**Description of the task:** Word for word, repeat the records, leaving every picture behind.

══ The data

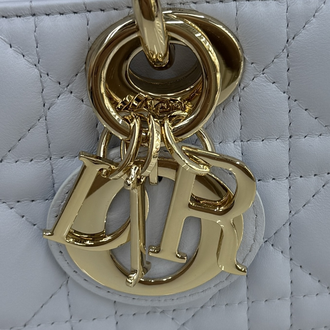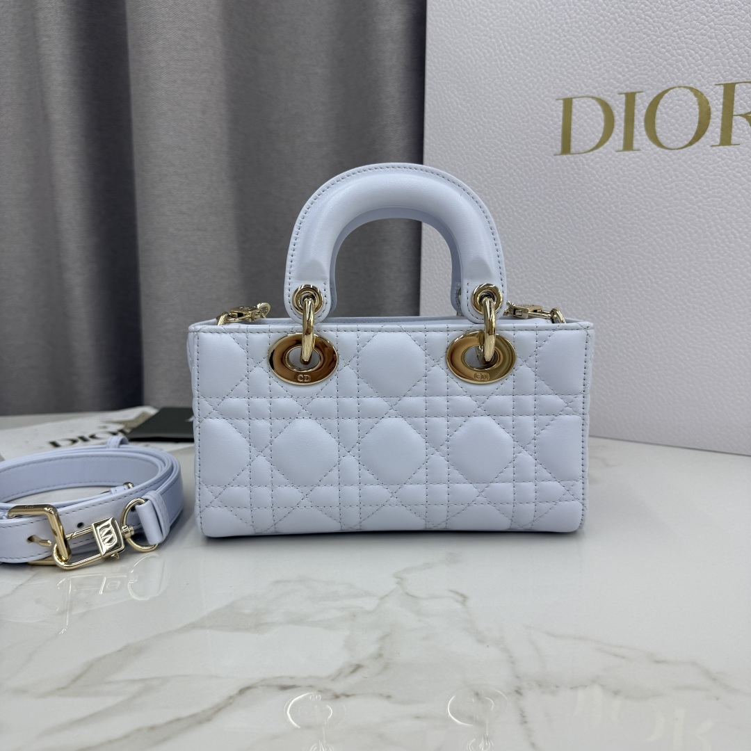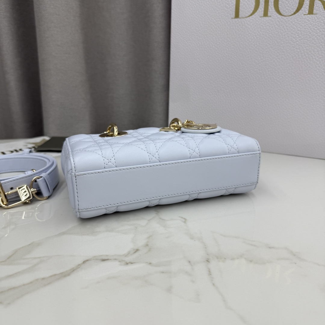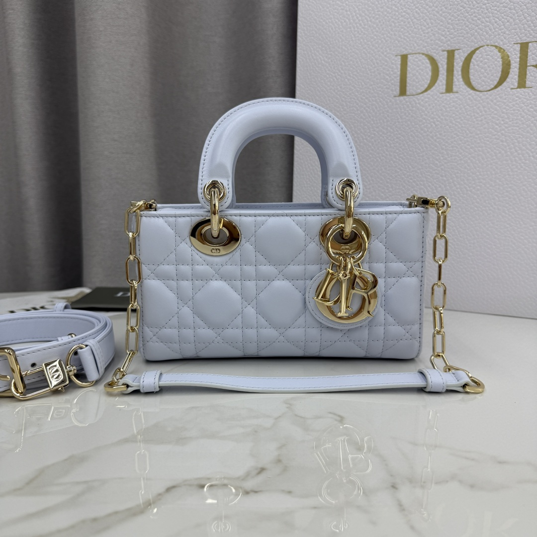 This Lady D-Joy bag is a new addition to the Fall-Winter 2025 ready-to-wear collection, highlighting the classic minimalist aesthetic of the Lady Dior line and embodying Dior's profound insight into elegance and beauty. Meticulously crafted from glacier blue lambskin, adorned with cannage quilting, its stylish and elegant design is timeless. A light gold-finished metal D.I.O.R. charm enhances the style, adding a touch of dynamism to the exquisite silhouette. The mini design, featuring a detachable chain strap and an adjustable, detachable leather strap, can be carried by hand, on the shoulder, or cross-body, making it an ideal choice for everyday styling.
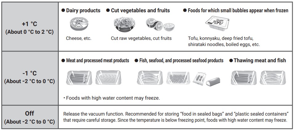 В некоторых подобных устройствах, например, в холодильниках Hitachi, выделяется отделение с технологией вакуумирования продуктов, увеличивающей срок их хранения, а также отдельный герметичный отсек для хранения овощей со специальной технологии поддержания свежести и контролем влажности.
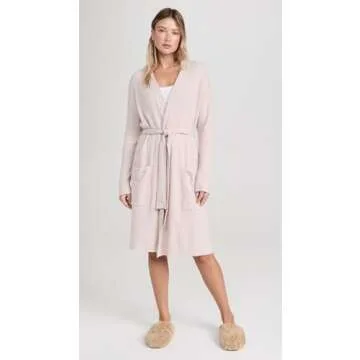 Show moreExperience the ultimate blend of luxury and comfort with the Barefoot Dreams® CozyChic Lite® Ribbed Robe in a beautiful Faded Rose-Pearl. Renowned for its exceptional quality and stunning aesthetics, this robe is designed to elevate your lounging experience. Crafted from a remarkable blend of 80% Nylon and 20% Rayon, it guarantees a super soft texture that feels heavenly against the skin. This stylish robe features a versatile fold-back shawl collar, allowing you the option to wear it open for a relaxed vibe or wrap it snugly around you for cozy warmth, which makes it suitable for all seasons.
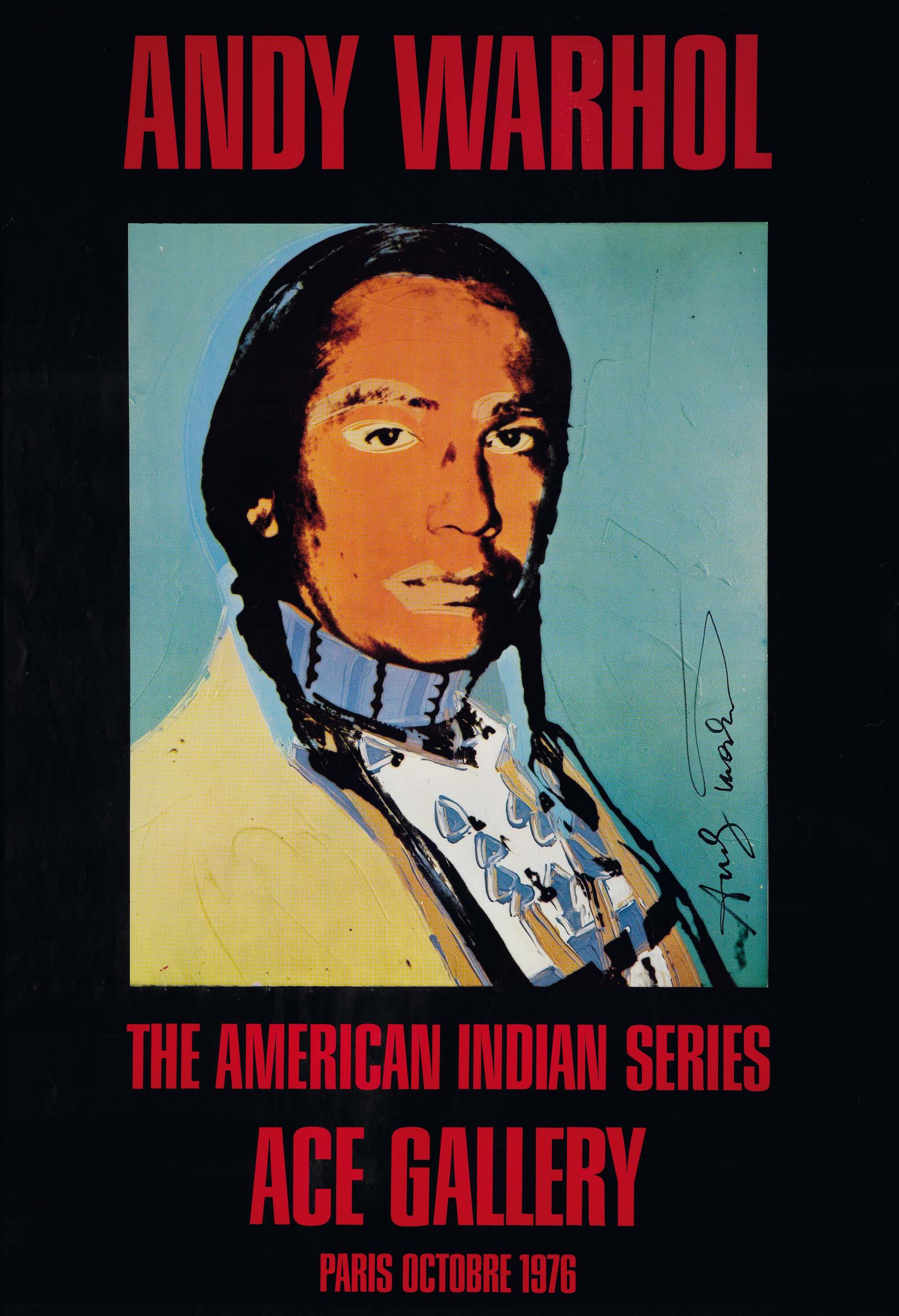 Andy Warhol (1928-1987), American Indian (nero) 1976, Ace Gallery, stampa offset, cm 127x86 firmata al centro a destra
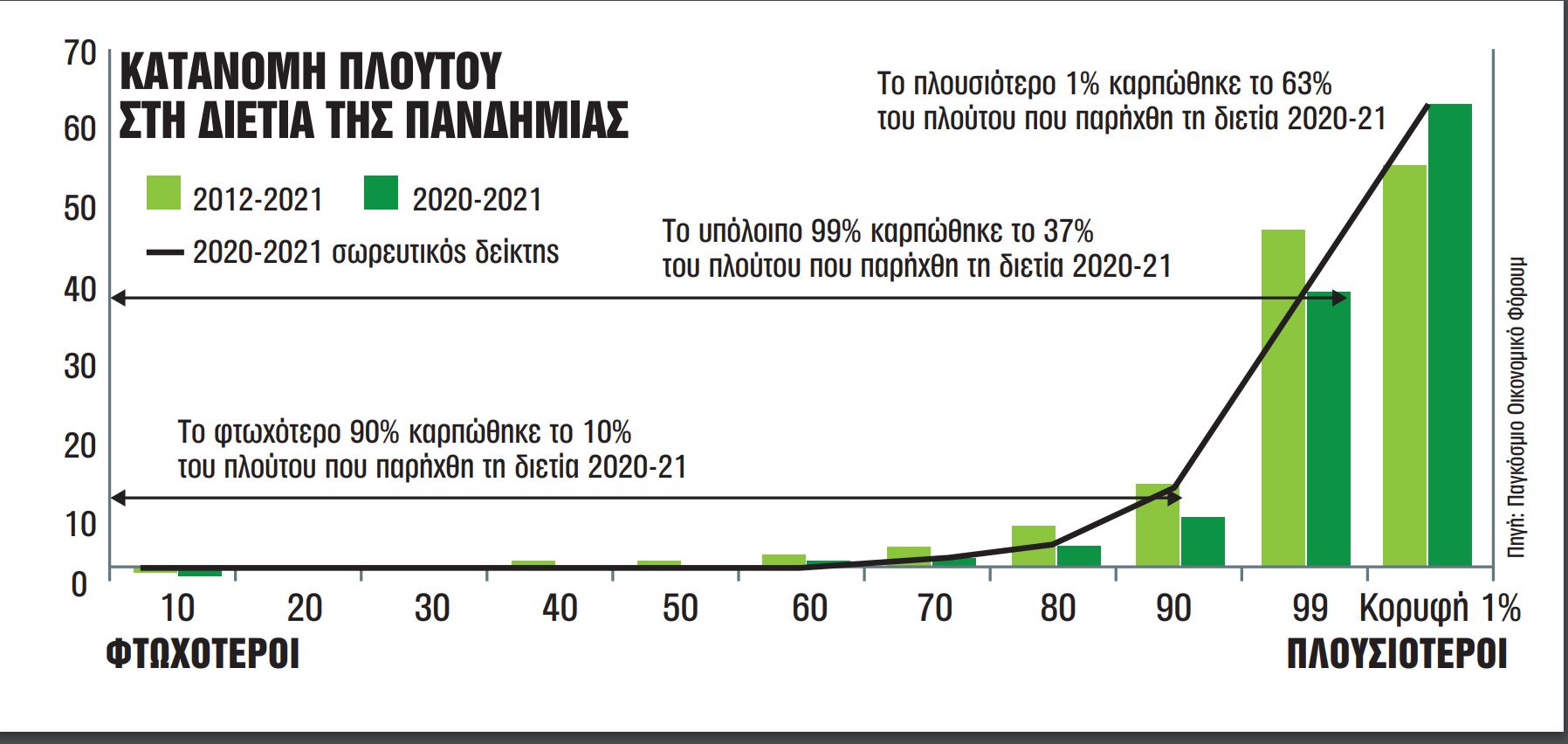 Οι ειδικοί συμφωνούν ότι η περίοδος του COVID-19 και οι πολιτικές που εφαρμόστηκαν κατά τη διάρκειά της επιδείνωσαν τις κοινωνικές ανισότητες στο μεγαλύτερο μέρος του κόσμου. Είναι ενδεικτικό ότι από τις αρχές του 2020 μέχρι το τέλος του 2021 οι περιουσίες των δέκα πλουσιότερων ανθρώπων στον πλανήτη σχεδόν διπλασιάστηκαν, ενώ την ίδια στιγμή το 99% του πληθυσμού «στριμώχτηκε» οικονομικά. Με βάση τους υπολογισμούς του Παγκόσμιου Οικονομικού Φόρουμ, τα δύο τρίτα του πλούτου που «παράχθηκε» μετά την εκδήλωση της πανδημίας βρέθηκε στα χέρια του 1% όσων βρίσκονται στην κορυφή της πυραμίδας.

════

**Answer area:**
 This Lady D-Joy bag is a new addition to the Fall-Winter 2025 ready-to-wear collection, highlighting the classic minimalist aesthetic of the Lady Dior line and embodying Dior's profound insight into elegance and beauty. Meticulously crafted from glacier blue lambskin, adorned with cannage quilting, its stylish and elegant design is timeless. A light gold-finished metal D.I.O.R. charm enhances the style, adding a touch of dynamism to the exquisite silhouette. The mini design, featuring a detachable chain strap and an adjustable, detachable leather strap, can be carried by hand, on the shoulder, or cross-body, making it an ideal choice for everyday styling.
 В некоторых подобных устройствах, например, в холодильниках Hitachi, выделяется отделение с технологией вакуумирования продуктов, увеличивающей срок их хранения, а также отдельный герметичный отсек для хранения овощей со специальной технологии поддержания свежести и контролем влажности.
 Show moreExperience the ultimate blend of luxury and comfort with the Barefoot Dreams® CozyChic Lite® Ribbed Robe in a beautiful Faded Rose-Pearl. Renowned for its exceptional quality and stunning aesthetics, this robe is designed to elevate your lounging experience. Crafted from a remarkable blend of 80% Nylon and 20% Rayon, it guarantees a super soft texture that feels heavenly against the skin. This stylish robe features a versatile fold-back shawl collar, allowing you the option to wear it open for a relaxed vibe or wrap it snugly around you for cozy warmth, which makes it suitable for all seasons.
 Andy Warhol (1928-1987), American Indian (nero) 1976, Ace Gallery, stampa offset, cm 127x86 firmata al centro a destra
 Οι ειδικοί συμφωνούν ότι η περίοδος του COVID-19 και οι πολιτικές που εφαρμόστηκαν κατά τη διάρκειά της επιδείνωσαν τις κοινωνικές ανισότητες στο μεγαλύτερο μέρος του κόσμου. Είναι ενδεικτικό ότι από τις αρχές του 2020 μέχρι το τέλος του 2021 οι περιουσίες των δέκα πλουσιότερων ανθρώπων στον πλανήτη σχεδόν διπλασιάστηκαν, ενώ την ίδια στιγμή το 99% του πληθυσμού «στριμώχτηκε» οικονομικά. Με βάση τους υπολογισμούς του Παγκόσμιου Οικονομικού Φόρουμ, τα δύο τρίτα του πλούτου που «παράχθηκε» μετά την εκδήλωση της πανδημίας βρέθηκε στα χέρια του 1% όσων βρίσκονται στην κορυφή της πυραμίδας.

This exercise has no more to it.